This article describes how to replace the standard median shown in the Statistics > Below with a median computed on the basis of the ranges in your data.
Technical details
- Median values are calculated in the standard way, based on the values in the raw data. It is sometimes desirable to calculate the median differently for questions whose categories contain ranges of values. Common examples include questions describing income brackets or age ranges. In these cases it is possible to use the values in the ranges to calculate a grouped median. One such calculation is described here. The calculation is designed to work out the relative position within the bracket where the median lies, based on the proportion of the sample in that bracket. This is a different estimate of the median than that provided by assigning mid-point values to each category, which would simply provide the mid-point value for the category in which the median of the data lies (see How to Recode a Variable Using Category Midpoints).
- Create a table with the desired categories shown in the rows. It is best not to include any additional NETs in the table - the rows should describe only those categories which represent unique brackets from which you want to compute medians.
- The table must be a summary table or crosstab and not include a grid question.
- The table should show the STATISTICS > Below > Median.
- Note that it is only appropriate to use this calculation when the rows of the table describe mutually-exclusive categories.
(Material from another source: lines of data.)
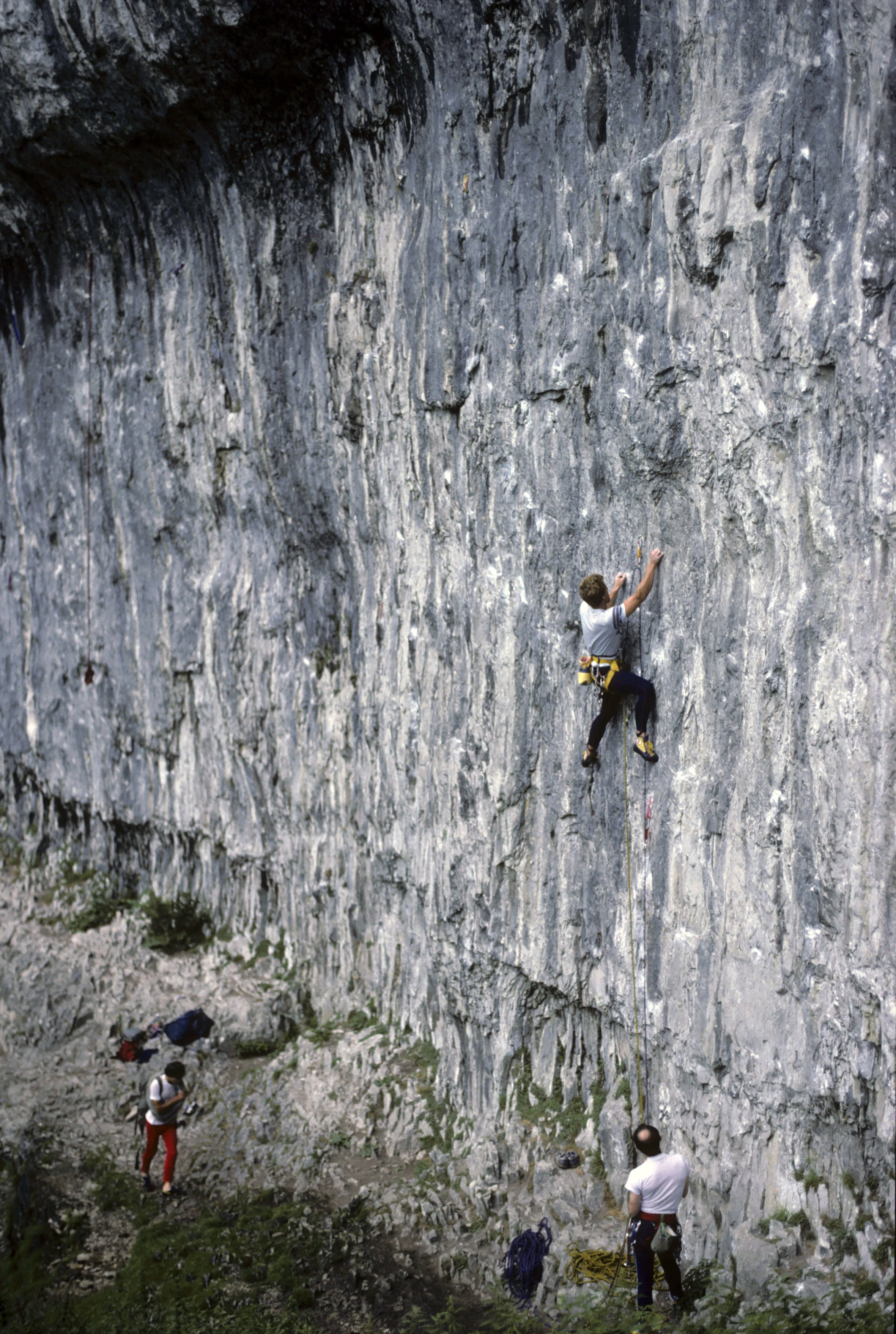 Rock climbers testing Malham Cove’s vertical limestone, belayers poised on the ledge.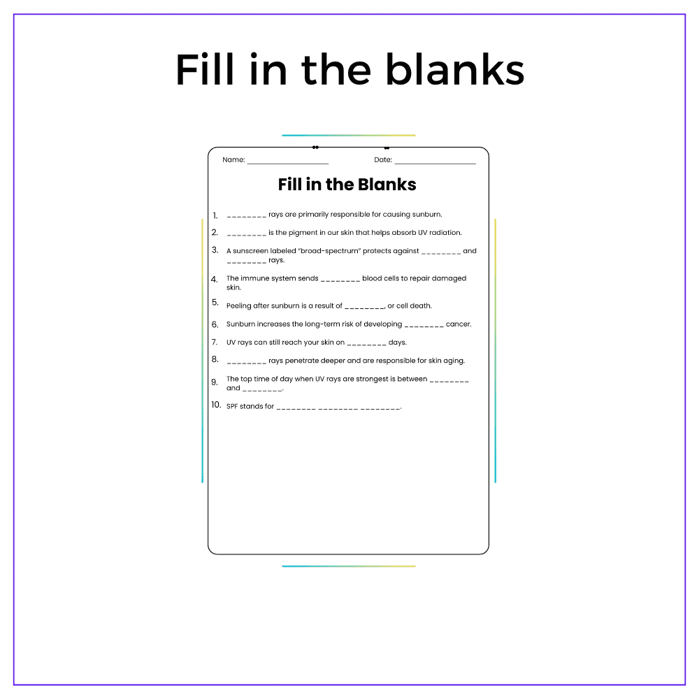 - Fill-in-the-blanks – Reinforce vocabulary about skin health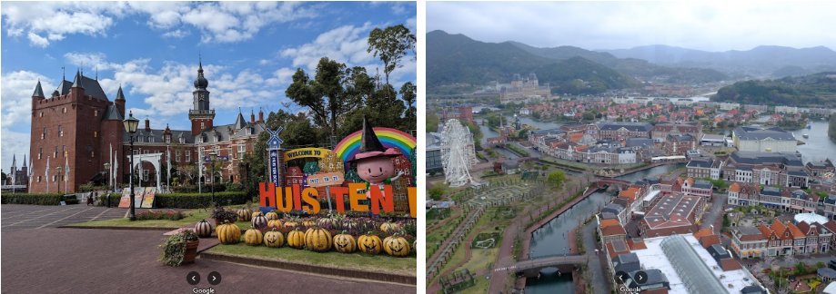 특징 : ‘명칭은 네덜란드의 왕궁 중 하나인 하우스텐보스 궁전에서 유래했다. 네덜란드 마을을 모방한 테마파크로 놀이기구가 있으며 유명한 관광 명소의 모조품이 전시되어 있다. 1992년에 개장했으며, 도쿄 디즈니랜드, 오사카 유니버셜 스튜디오와 같이 일본 주요 테마파크 관광지이다.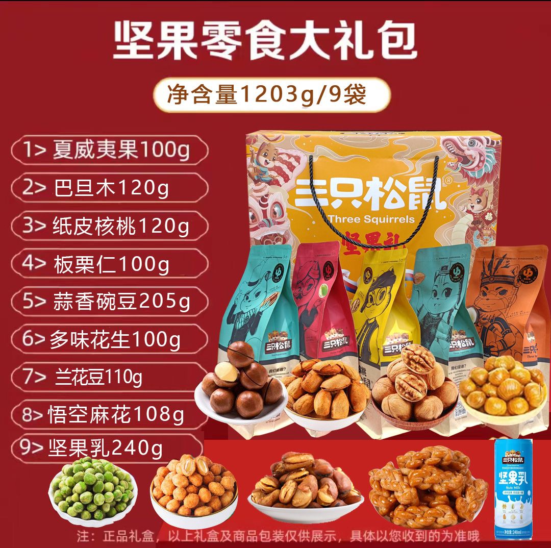 | gift box (best-selling nut snacks 9 1268g)(礼盒装(畅销坚果零食9款1268g)) | USD $17.93 | 999999 piece available |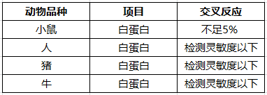 交叉反应是500 μg/mL时的检测结果(FCS除外)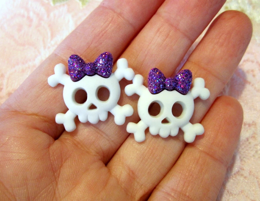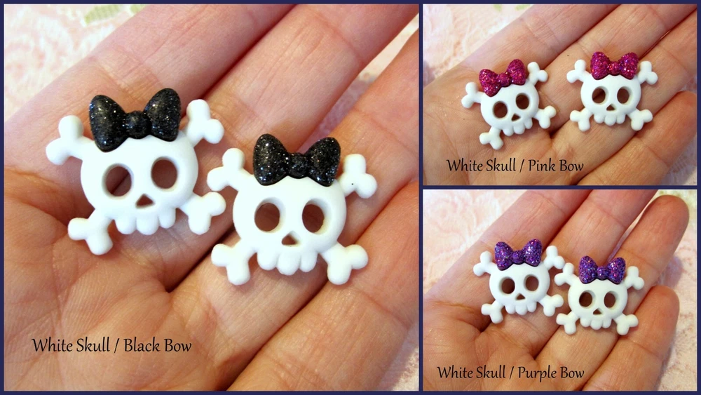 DETAILS ***PLEASE NOTE~these are made upon order so please allow 2-3 days for shipping.*** This listing is for an adorable pair of skull / skullette stud earrings handmade by me! They are white skulls with glitter bows. These earrings are very light weight and measure approx. 7/8 inch long by 7/8 inch wide. I attached them to surgical steel hypoallergenic ear posts with nuts. These earrings are truly gorgeous and handmade with care by me using only the highest quality products!!! FEEDBACK POLICY DUE TO A LARGE NUMBER OF BUYERS THAT NEVER RETURN FEEDBACK...I WILL ONLY GIVE IT AFTER THE BUYER DOES. WHEN THE BUYER RECEIVES THEIR ITEM AND LEAVES ME POSITIVE FEEDBACK, I PROMISE TO RETURN THE FEEDBACK TO THEM. SOMETIMES IT TAKES ME A FEW DAYS BUT I WILL GET IT TO YOU!! IF THE BUYER IS NOT HAPPY WITH SOMETHING I ASK THEM TO PLEASE CONTACT ME BEFORE LEAVING FEEDBACK AND GIVE ME THE FAIR CHANCE TO MAKE THINGS RIGHT!! I HOPE THAT MY BUYERS WILL UNDERSTAND AND I THANK YOU!! QUESTIONS Ask any question that you may have. If you are not happy with this item when you receive it.... please contact us instead of leaving a negative feedback. We are always willing to work anything out. Our customers come first and we want them to be happy. We always promise excellent customer service. A happy customer comes back!! We stand 100% behind our products and 100% guarantee all of them!! PAYMENT DETAILS USA and OUTSIDE USA: We accept PAYPAL payments. We do combine shipping on multiple items IF all items are paid within one payment. PLEASE WAIT FOR COMBINED SHIPPING INVOICE!! If you cannot pay with Paypal immediate, please let us know right away. This will keep us from bothering you with tons of invoices because we will know when to expect your payment!! Items MUST be paid for within 4 days. If not, We will relist the item and file a Non-Paying Bidder complaint. We truly hope that all transactions can be smooth and pleasant!! PLEASE understand that shipping is more than just stamps or postage. We do combine shipping on multiple items IF all items are paid within one payment. PLEASE WAIT FOR COMBINED SHIPPING INVOICE!! I try and ship items out within 24-48 hours after payment is received. I am very careful to package items extremely well which requires alot of high quality packing materials. Please also understand that no matter how fast I ship...the postal service is out of our control. Thank you! FOR RETURNS If you feel that you are not happy with an item, please CONTACT ME before leaving feedback. If the item is broken...I require return and will refund your payment in full when the item gets back to me. If you just dont want the item and choose a REFUND please understand that I cannot issue it until I have the item back in my home and it is in the EXACT shape as when it left. You will need to return the item at your own expense and refunds do not include shipping unless the item is broken or not as described. This is the only way that I can recover some of my costs that I would otherwise lose. THANK YOU!!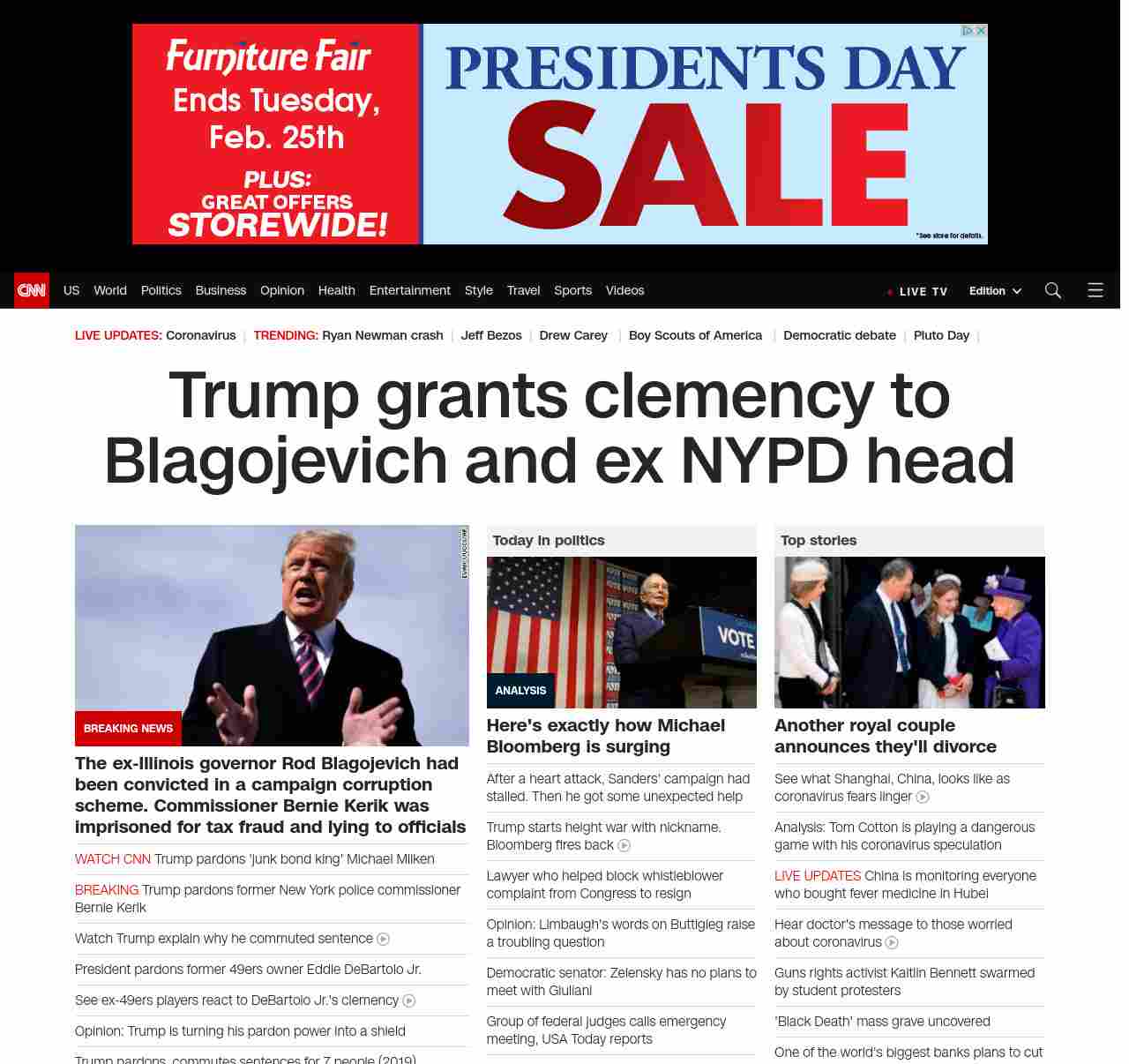 || banner-text–natural”> Trump commutes Blagojevich’s sentence and pardons others ||” , title: “CNN – Breaking News, Latest News and Videos” , siblings: {“articleList”:[{“uri”:”/2020/02/18/politics/bernie-kerik-trump-pardon/index.html”,”headline”:”Trump pardons former New York police commissioner”,”thumbnail”:”//cdn.cnn.com/cnnnext/dam/assets/190930154134-03-trump-0930-small-11.jpg”,”duration”:””,”description”:”President Donald Trump has pardoned former New York police commissioner Bernie Kerik, he announced at Joint Base Andrews on Tuesday.”,”layout”:””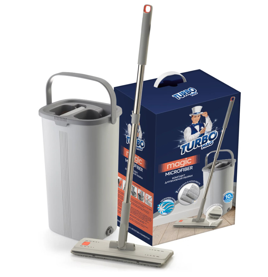 Комплект для влажной уборки TURBOMAG Magic ведро с вертикальным отжимом 10л и швабра-флеттер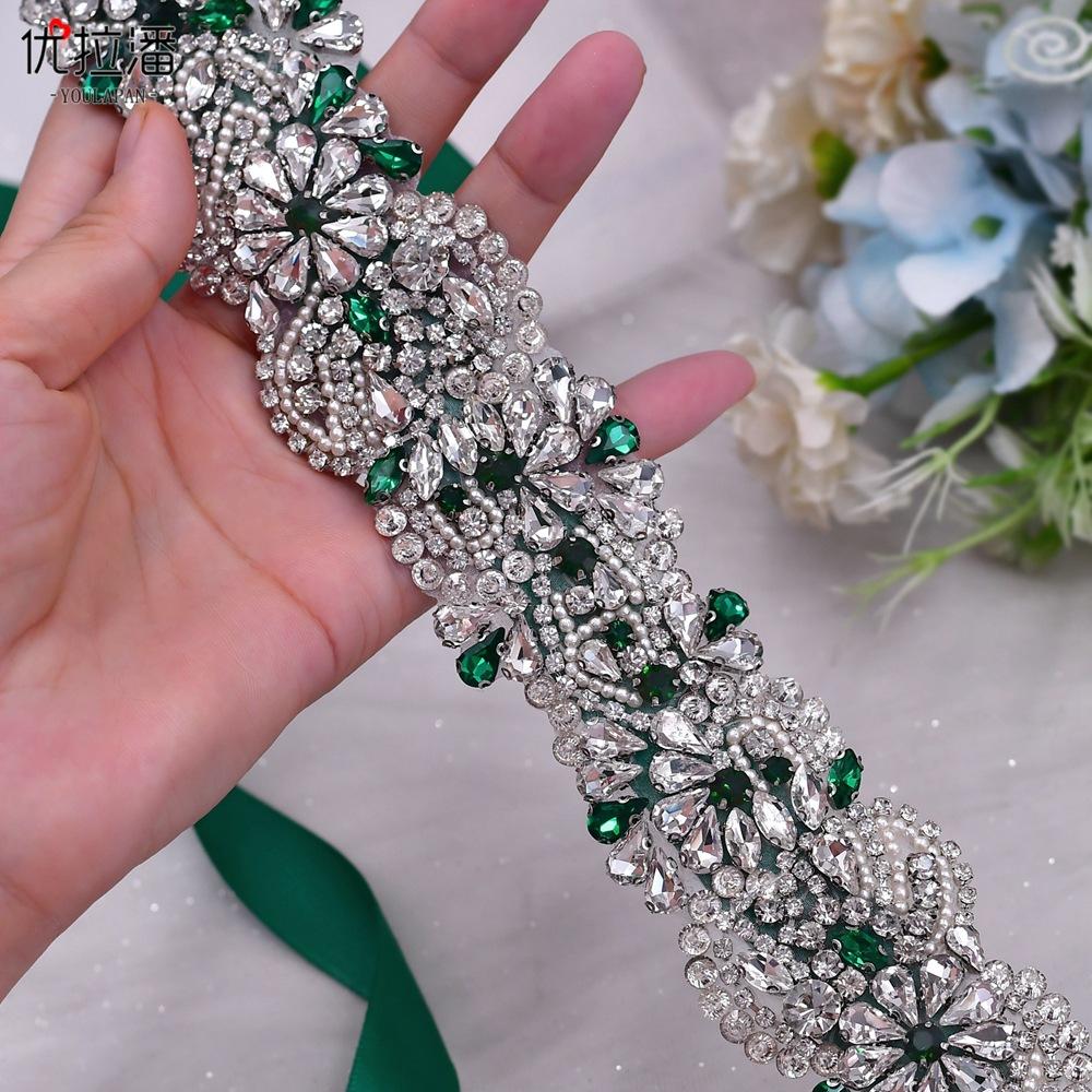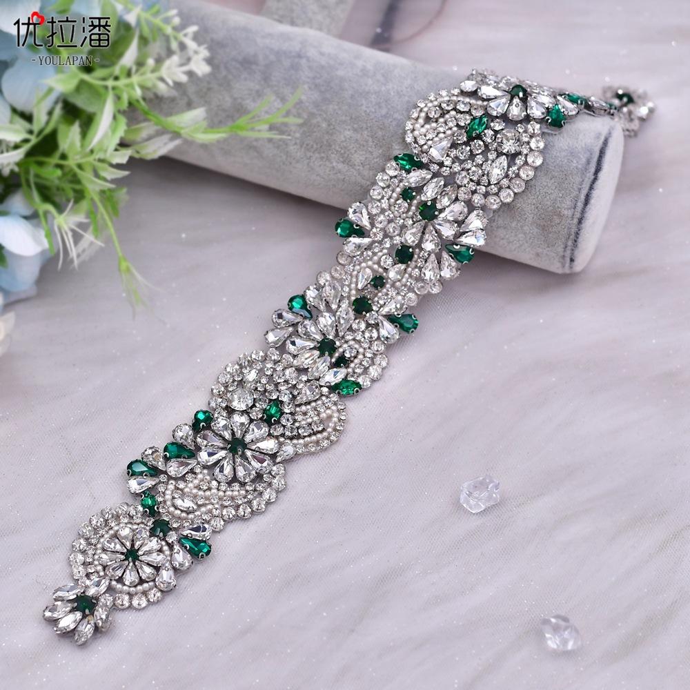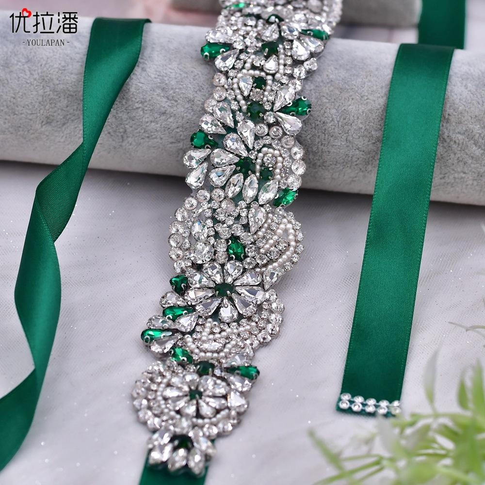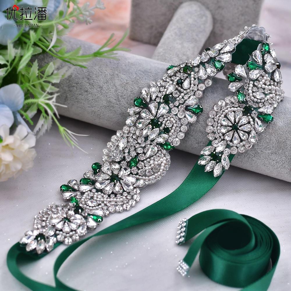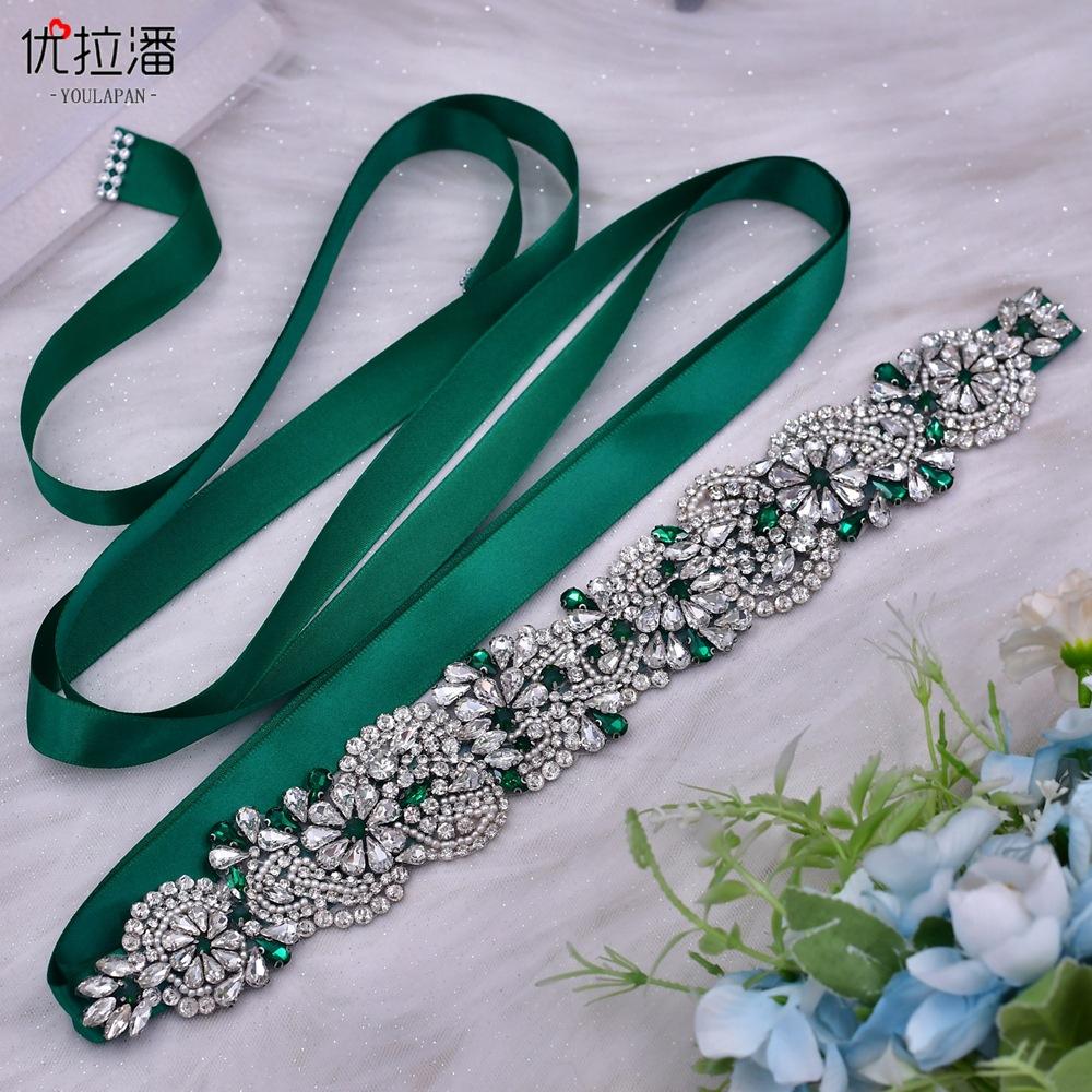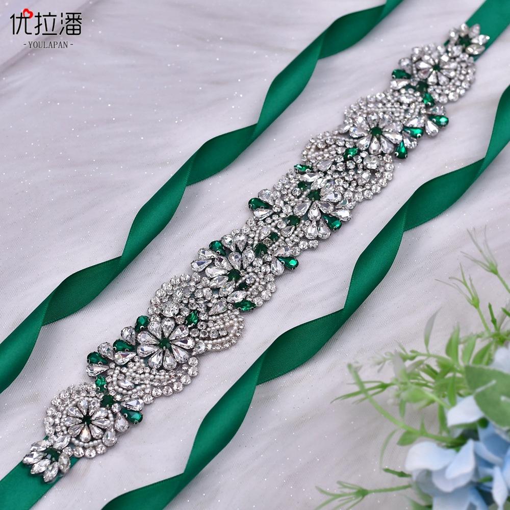 Youlapan S120 Agujero Verde Faja Vestido de Novia Europeo y Americano Esmeralda Sexy Correa de Cintura Cinturón de Boda

The values entered, and the resulting calculation, are not used in any statistical testing.
Method
- Create a Custom Rule on the table of your choice.
- Paste in the following code:
form.setSummary("Grouped medians");
includeWeb("Table JavaScript Utility Functions");
var below_table_exists = belowTableExists();
if (!below_table_exists)
form.ruleNotApplicable("Statistics - Below are not available on this table");
if (below_table.availableStatistics.indexOf("Median") == -1)
form.ruleNotApplicable("the Median is not available on this table");
if (table.availableStatistics.indexOf("%") == -1 && table.availableStatistics.indexOf("Column %") == -1)
form.ruleNotApplicable("there is no appropriate percentage to use");
var stat_to_use = (table.availableStatistics.indexOf("Column %") != -1) ? "Column %" : "%";
var values = table.get(stat_to_use);
var medians = below_table.get("Median");
var row_labels = table.rowLabels
var controls = [];
var upper_vals = [];
var lower_vals = [];
var net_rows = table.netRows;
var rows_to_include = [];
var r = 0;
for (var row = 0; row < table.numberRows; row++) {
if (net_rows.indexOf(row) == -1) {
var new_row_label = form.newLabel(row_labels[row] + ":");
var new_lower_label = form.newLabel("Lower value");
var new_lower = form.newNumberBox("nl"+r);
var new_upper_label = form.newLabel("Upper value");
var new_upper = form.newNumberBox("nr"+r);
new_upper.lineBreakAfter = true;
controls.push(new_row_label, new_lower_label, new_lower, new_upper_label, new_upper);
form.setInputControls(controls);
upper_vals.push(new_upper.getValue());
lower_vals.push(new_lower.getValue());
rows_to_include.push(row);
r++
}
}
for (var col = 0; col < table.numberColumns; col++) {
var cur_median = NaN;
var cumulative = [];
for (var r = 0; r < rows_to_include.length; r++) {
var row = rows_to_include[r];
var new_cumulative = (r == 0) ? values[row][col] : cumulative[r-1] + values[row][col];
cumulative.push(new_cumulative);
if (new_cumulative > 50) {
var diff = 50 - (r > 0 ? cumulative[r-1] : 0);
var range = upper_vals[r] - lower_vals[r];
var percentage = values[row][col];
cur_median = lower_vals[r] + (diff / percentage) * range;
medians[0][col] = cur_median;
break;
}
}
}
//log(medians);
below_table.set("Median", medians) - Click OK.
- Enter the Lower value and Upper value for each category and click OK.
- Ensure this rule is placed in the first position on the Rules tab to avoid any conflict with other rules. You can re-position the rule by selecting it and dragging up.